Rousseau - Part Two In my previous post I claimed that the topic of the second part of the "Discourse" was the emergence of society from the state of nature. Re-reading it, however, I find Rousseau to be decidedly vague on the emergence of society. It has something to do with the geographical spread of the race, the development of technologies, and the emergence of property. If you can reconstruct a succinct argument, please do share. The real focus of this section, as I now see it, is the transformative effects of civilization on "savage man." As with Hobbes and Locke, property takes center-stage in Rousseau's treatment.
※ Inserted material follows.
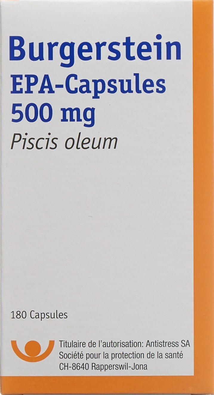 Burgerstein EPA-Kapseln 500 mg contiene un concentrato a base di olio di pesce con diversi acidi grassi polinsaturi, acidi grassi essenziali (acidi grassi omega-3) che in gran parte non sono presenti nella nostra alimentazione. Il corpo ha bisogno di questi acidi grassi per la formazione di sostanze ormonali (prostaglandine, trombossani, leucotrieni). Una carenza di acidi grassi omega-3 può contribuire all’insorgenza di alcuni disturbi del metabolismo.
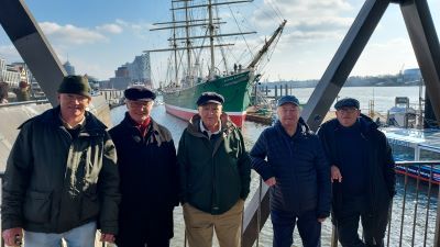 DAY 3 - Free day. ROMEOS had a lot to choose, Submarine, Maritime Museum, Bus Tour and Water Tour of Hamburg, all spectacular. Luckily the weather was brilliant, sunny and clear. ROMEOS dispersed to their choice entertainment. One of the displays was the 3 mast museum schooner “Rickmer Rickmers” which was visited by Chief ROMEO and Patrick Smyth, and motley others. After the schooner visit we were on our way to the M.V. Cap Santiago a museum refrigerated ship.

It affords him this opening: "The first person who, having enclosed a plot of land, took it into his head to say 'this is mine' and found people simply enough to believe him, was the true founder of civil society" (302). So his attitude toward this development--property as a sort of ruse on the simple-minded--we can see, is markedly different than his predecessors'. A bit later he writes, "in short, competition and rivalry on the one hand, opposition of interest[s] on the other, and always the hidden desire to profit at the expense of someone else[:... a]ll these ills are the first effect of property and inseparable offshoot of incipient inequality" (309). So what Hobbes, certainly, and Locke to a lesser extent, invoke society to remedy, Rousseau accuses it of introducing. Society introduces the vice of inauthenticity. People become unduly interested in public esteem (305). How we appear to others becomes crucial to our own self-assessment, and this leads to vanity, contempt, envy, and shame. Furthermore, provided with leisure time, people develop a taste for new "conveniences," so that "being deprived of them became much more cruel than possessing them was sweet, and they were unhappy about losing them without being happy about

possessing them" (305)--a criticism of consumer culture as relevant as ever today. So there are two issues on the table: why do some people claim property, and why do others accept their claims? As Rousseau would have it, the poor are essentially duped by the wealthy. The poor lack resources to protect what little they possess, and so they readily agree to property regulations proposed by the rich, effectively legitimizing inequitable distribution (310). Hence the natural inequality that allows some men to work more efficiently than others is transformed into political inequality. And this is passed along through generations via inheritance so that this inequity becomes disassociated even from one's natural productive capacities.